The Priest of Paraguay: Fernando Lugo and the making of a nation

Posted on: 22nd September 2009  |
Author: Hugh O’Shaughnessy & Edgar Venerando Ruiz Diaz
Publication details: Zed Books, London & New York, 2009 176 pages
ISBN: 9781848133136

The story of a Roman Catholic bishop who resigned his bishopric to run in a presidential election was always going to be a fairly unique one.  Even more so when, having won the election, he was welcomed by the Vatican as a legitimate president and sent a present by the Pope.  Fernando Lugo is the man in question and his country of Paraguay the beneficiary of his decision.  His is an extraordinary story, related in detail in this important and gripping book which also paints a vivid picture of a reality shared by other Latin American countries.

Almost from its outset, Paraguay seemed to be a doomed nation.  Since gaining independence in 1811, its history has been dominated by long periods of political instability and devastating wars with its neighbours. In the mid-fifties it fell under the brutal 36-year dictatorship of Alfredo Stroessner, which, as the authors put it, ‘left Paraguay like a house stricken with dry rot.’  The richest 10% of the population had 40 times the income of the poorest 10%, while the richest 1% of landowners were sitting on 80% of the land.  The authors show clearly how this situation was maintained through a combination of trickery, corruption and terror, by a ruling party (the Colorados) which held power for 61 years.  The regime was recognised and supported by industrialised nations concerned with safeguarding the prosperity of their markets, especially for weapons.

This was the world in which Fernando Lugo grew up.  Born in 1951 in a country village to a railway worker and his schoolmistress wife, he both witnessed and experienced injustice from childhood.  He was 11 when his father, Guillermo, was arrested and subjected to ‘waterboarding’, a process the Paraguayan police had learnt from the USA and that was later formally taught in the School of the Americas established in the Panama Canal Zone.  It did serious damage to Guillermo’s kidneys and caused his death.  Fernando’s three brothers were also tortured by Stroessner’s police and the family pressured him to forget any ideas of going into politics.  Instead, in 1970 he entered the Paraguayan novitiate of the Divine Word Missionaries.

The authors trace, in some detail, Lugo’s religious formation and his gradual introduction to the then new liberation theology.  A crucial stage in this process was a year he spent in Ecuador just after his ordination during which he fell under the influence of Bishop Leonidas Proaño who, a year previously, had been arrested with 16 other bishops for ‘subversive activities’.  As Lugo said later, ‘I was proud that one of the bishops detained in Riobamba by the military was Paraguayan, Mgr Bogarín Argaña’, who for years worked among the peasants pushing for land reform.  However, when Lugo returned to his homeland, Stroessner made it known to the priest’s superiors that they should send him out of the country, so he was sent to the Gregorian University in Rome where he did a degree in spirituality and the Church’s social teaching. 

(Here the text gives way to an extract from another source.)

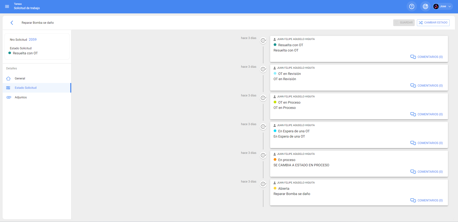 SOLICITUDES DE TRABAJO: POR MI PARTE RECIBO LAS SOLICITUDES DE OTROS DEPARTAMENTOS. UNA VEZ QUE LLEGAN YO SE LOS ENTREGO A DIFERENTES TECNICOS, PERO PARA PODER ASIGNAR A DIFERENTES TECNICOS DEBO CONVERTIR LA SOLICITUD DE TRABAJO EN UNA OT, PUDIENDO SALTARME ESTE PASO CON EL SOLO HECHO DE QUE AL MOMENTO DE RECIBIR LA SOLICITUD, PODERLA ASIGNAR, O PODER COMPARTIR TANTO POR LINK O FORMATO A TRAVES DE CORREO. SIMPLIFICARIA BASTANTE LA GESTION DE UN DEPARTAMENTO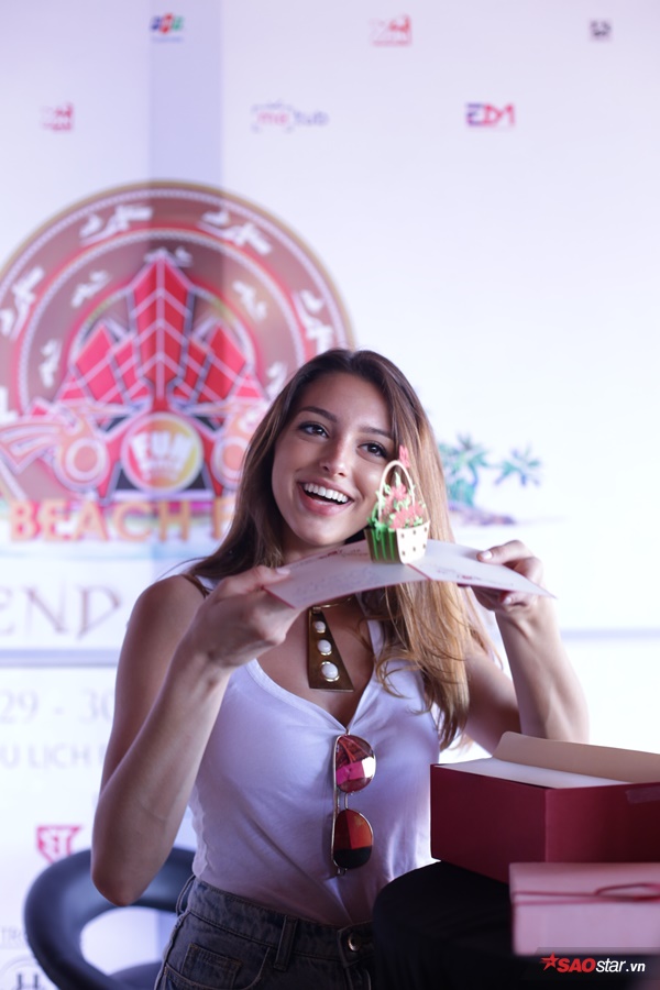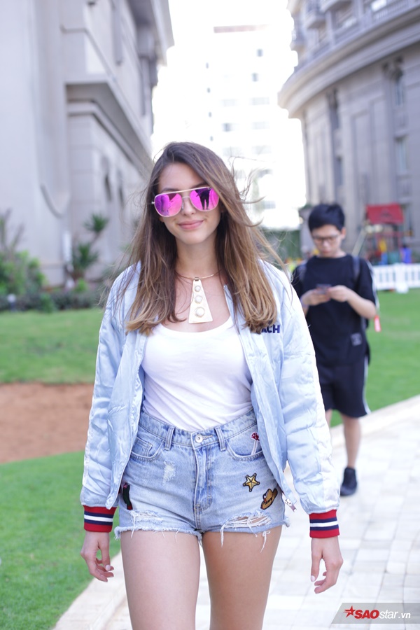 Cô nàng sinh năm 1997 cuối cùng cũng chịu xuất hiện trong trang phục vô cùng trẻ trung năng động và vô cùng phấn khích trước giờ diễn ra Fan meeting tại Vũng Tàu. Bên cạnh đó, Celine Farach không quên gửi lời chào tới độc giả Saostar.

After returning to Paraguay, in 1994 he was appointed bishop of San Pedro del Ycuamandeyú, one of the poorest areas of the country.  Over the subsequent ten years, he became a champion of the rural poor and indigenous peoples, working through base Christian communities (comunidades eclesiales de base, whose numbers in the diocese he more than doubled), living in a small house indistinguishable from any other, using the Guaraní language and travelling around the diocese on a motorbike.  As might be expected, he emerged gradually as one of the few voices that could speak with authority on behalf of the poor, and a number of political groups sought him out and began looking to him as a possible leader of the opposition and presidential candidate.  Lugo resisted the call for a long time, but finally announced his candidature on Christmas Day 2006.  He was elected comfortably two years later, released from his vows but faced with the daunting problems of trying to ‘haul Paraguay out of the quagmires in which history landed it.’

The value of this well-researched book is that it provides the background necessary to understand the huge task that now faces Fernando Lugo.  And his story is not only of relevance to the situation in Paraguay: Lugo joins the company of Lula of Brazil, Chávez of Venezuela, Morales of Bolivia and Correa of Ecuador, all of whom are engaged in a struggle for social justice that could transform Latin America and give new hope and life to its people.  There may be disagreement over some of the methods employed or even the objectives sought, but many in Latin America will feel that is not for wealthy, industrialised nations to determine these: they may rather look to such nations to support their attempts to put right intolerable situations.  Hopefully this book will go some way towards increasing understanding of the huge task facing Latin Americans.